# INFORMATION SHOWN:
□ □ □

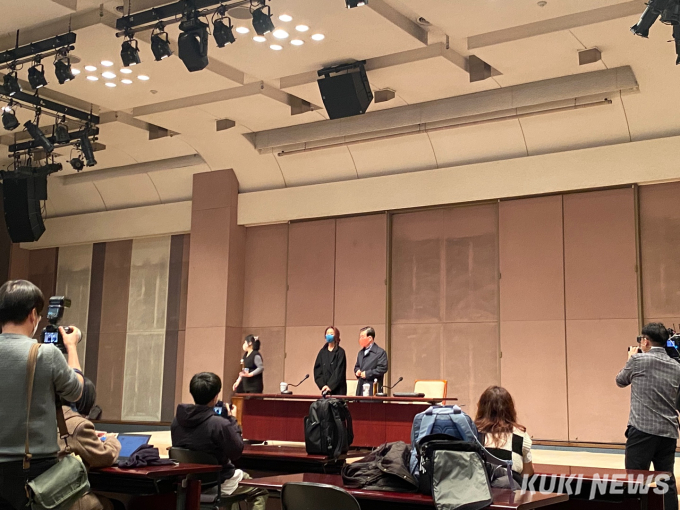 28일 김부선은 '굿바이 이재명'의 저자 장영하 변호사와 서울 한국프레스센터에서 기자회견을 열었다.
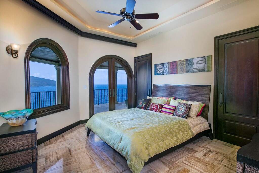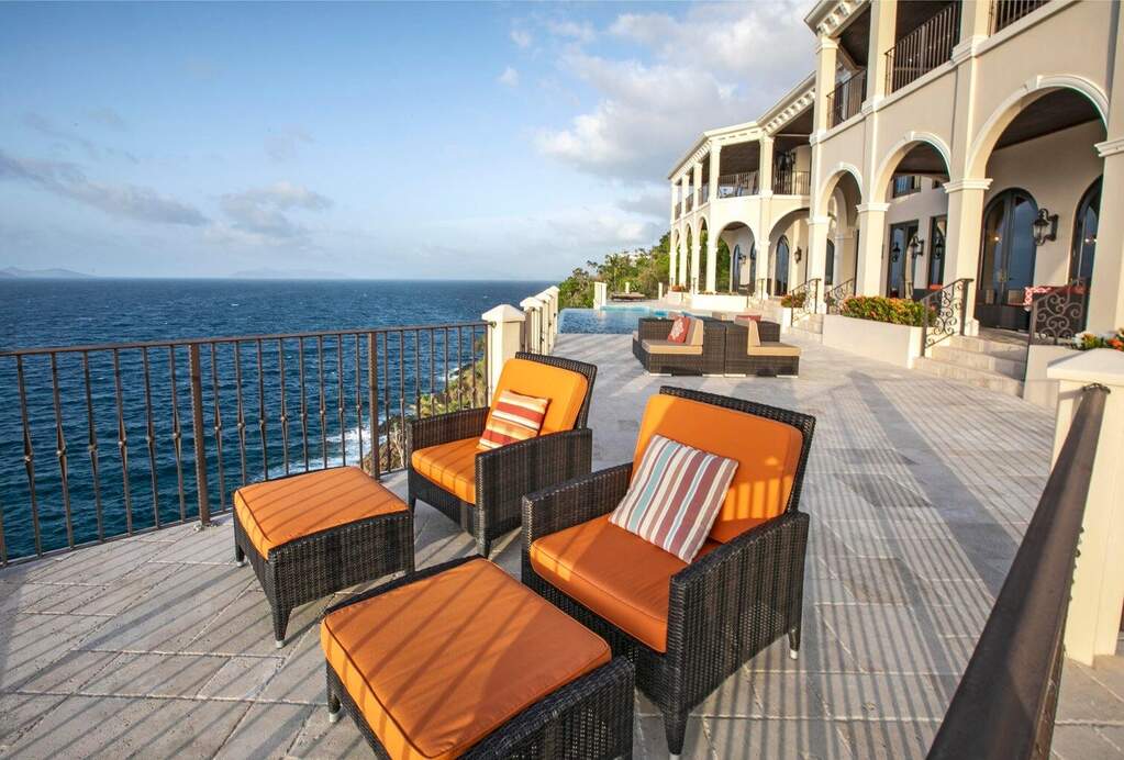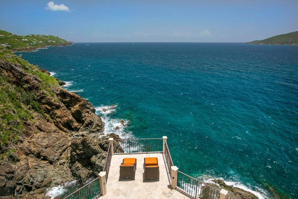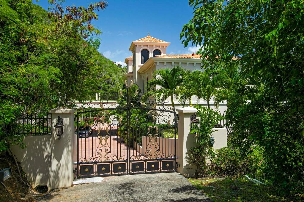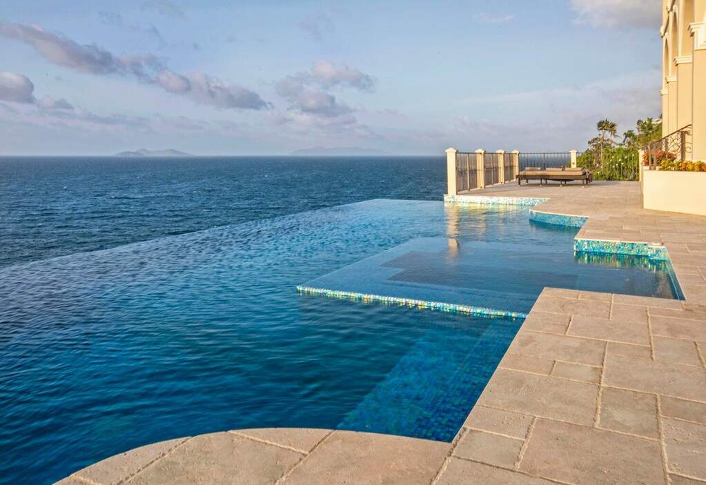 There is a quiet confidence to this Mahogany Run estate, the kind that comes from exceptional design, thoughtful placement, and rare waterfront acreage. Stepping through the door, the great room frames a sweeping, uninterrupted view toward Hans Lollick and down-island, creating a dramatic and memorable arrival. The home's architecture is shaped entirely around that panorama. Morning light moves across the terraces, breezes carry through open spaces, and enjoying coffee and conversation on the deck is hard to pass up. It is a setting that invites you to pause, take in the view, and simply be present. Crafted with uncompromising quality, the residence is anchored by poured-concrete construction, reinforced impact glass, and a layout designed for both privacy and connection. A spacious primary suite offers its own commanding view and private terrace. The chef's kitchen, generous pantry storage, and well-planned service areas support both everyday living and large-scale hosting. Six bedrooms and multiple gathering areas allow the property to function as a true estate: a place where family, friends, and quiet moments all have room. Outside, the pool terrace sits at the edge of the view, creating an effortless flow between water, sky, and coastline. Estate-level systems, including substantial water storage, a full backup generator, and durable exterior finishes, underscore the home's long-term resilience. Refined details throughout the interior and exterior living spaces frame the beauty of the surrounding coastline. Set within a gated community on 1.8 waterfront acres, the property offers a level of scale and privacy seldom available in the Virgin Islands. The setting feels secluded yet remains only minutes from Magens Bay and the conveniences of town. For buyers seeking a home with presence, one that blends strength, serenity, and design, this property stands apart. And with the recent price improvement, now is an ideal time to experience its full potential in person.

□ □ □

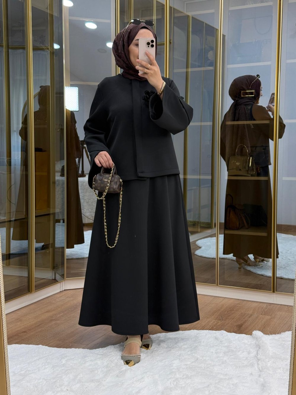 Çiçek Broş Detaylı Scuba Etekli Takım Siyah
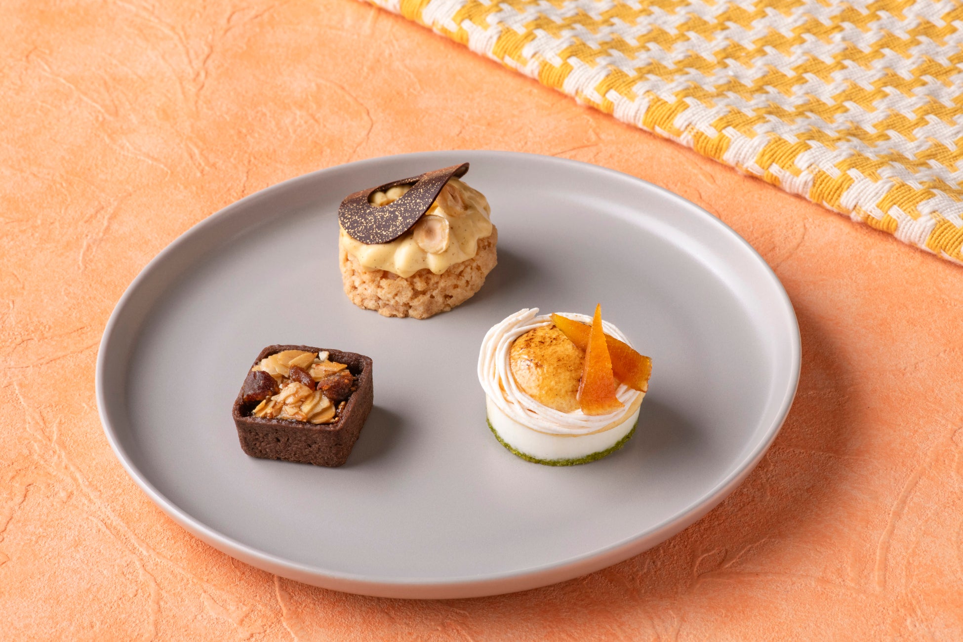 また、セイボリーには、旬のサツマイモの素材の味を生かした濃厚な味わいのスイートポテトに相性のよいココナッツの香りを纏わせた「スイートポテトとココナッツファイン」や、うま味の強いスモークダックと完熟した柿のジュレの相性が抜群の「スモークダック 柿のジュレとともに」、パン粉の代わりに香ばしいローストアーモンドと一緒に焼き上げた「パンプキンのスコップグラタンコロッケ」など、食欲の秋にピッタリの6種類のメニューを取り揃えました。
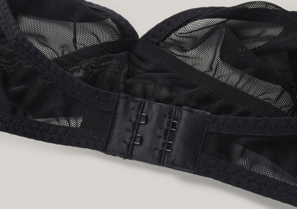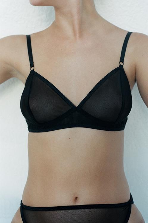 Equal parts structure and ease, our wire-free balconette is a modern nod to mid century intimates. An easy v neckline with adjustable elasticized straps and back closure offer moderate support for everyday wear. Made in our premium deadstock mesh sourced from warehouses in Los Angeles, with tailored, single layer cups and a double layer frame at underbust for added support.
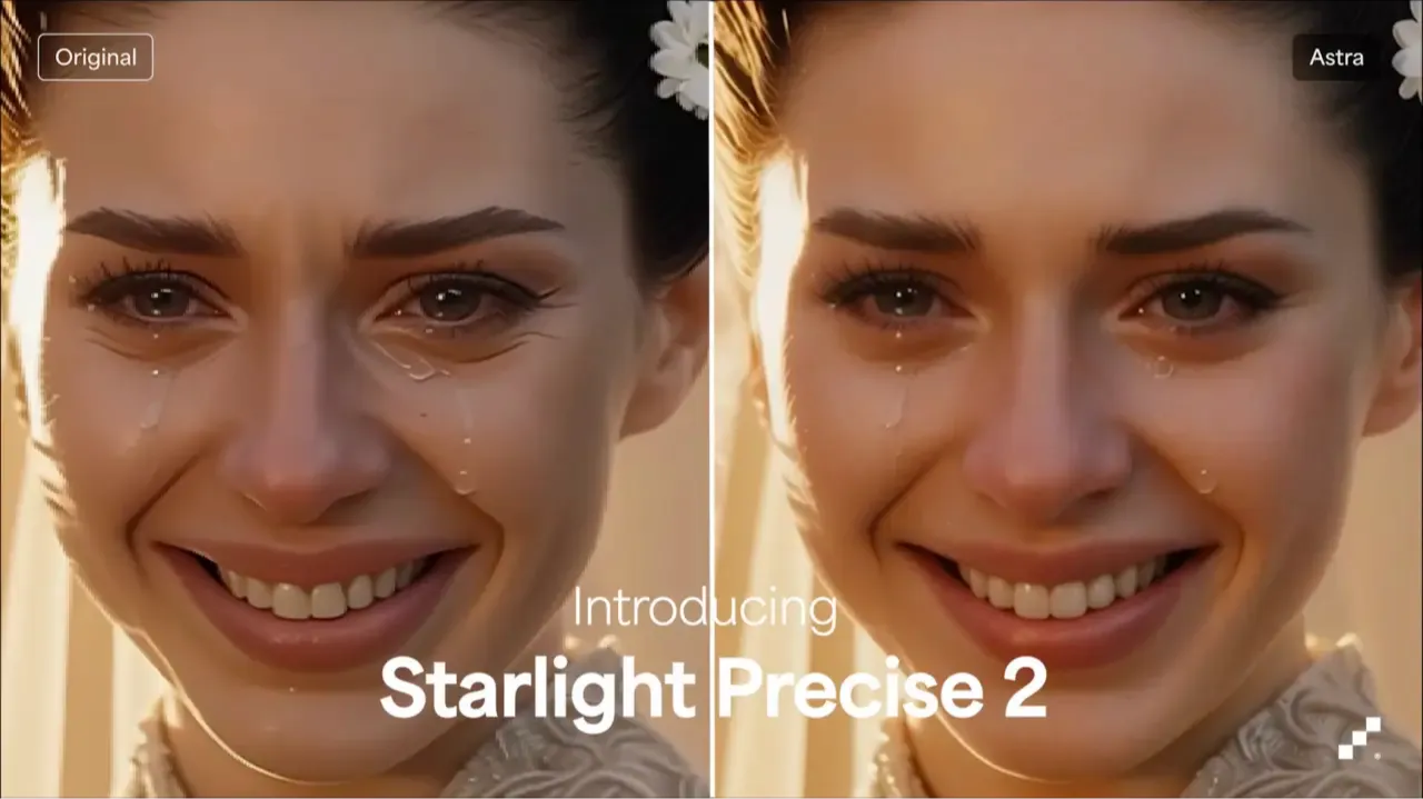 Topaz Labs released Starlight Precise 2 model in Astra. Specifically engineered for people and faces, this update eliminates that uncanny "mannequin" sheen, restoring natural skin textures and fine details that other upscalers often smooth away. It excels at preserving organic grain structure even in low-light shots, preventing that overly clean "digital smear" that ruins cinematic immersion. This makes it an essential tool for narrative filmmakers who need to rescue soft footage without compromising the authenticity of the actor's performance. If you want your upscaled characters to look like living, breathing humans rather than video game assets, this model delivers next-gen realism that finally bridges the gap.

□ □ □

Leaving out all pictures, set down exactly the lines of the material above, from the line with "また、セイボリーには、旬のサ" to the line with "Topaz Labs released" inclusive, and no others.

# REPLY:
 また、セイボリーには、旬のサツマイモの素材の味を生かした濃厚な味わいのスイートポテトに相性のよいココナッツの香りを纏わせた「スイートポテトとココナッツファイン」や、うま味の強いスモークダックと完熟した柿のジュレの相性が抜群の「スモークダック 柿のジュレとともに」、パン粉の代わりに香ばしいローストアーモンドと一緒に焼き上げた「パンプキンのスコップグラタンコロッケ」など、食欲の秋にピッタリの6種類のメニューを取り揃えました。
 Equal parts structure and ease, our wire-free balconette is a modern nod to mid century intimates. An easy v neckline with adjustable elasticized straps and back closure offer moderate support for everyday wear. Made in our premium deadstock mesh sourced from warehouses in Los Angeles, with tailored, single layer cups and a double layer frame at underbust for added support.
 Topaz Labs released Starlight Precise 2 model in Astra. Specifically engineered for people and faces, this update eliminates that uncanny "mannequin" sheen, restoring natural skin textures and fine details that other upscalers often smooth away. It excels at preserving organic grain structure even in low-light shots, preventing that overly clean "digital smear" that ruins cinematic immersion. This makes it an essential tool for narrative filmmakers who need to rescue soft footage without compromising the authenticity of the actor's performance. If you want your upscaled characters to look like living, breathing humans rather than video game assets, this model delivers next-gen realism that finally bridges the gap.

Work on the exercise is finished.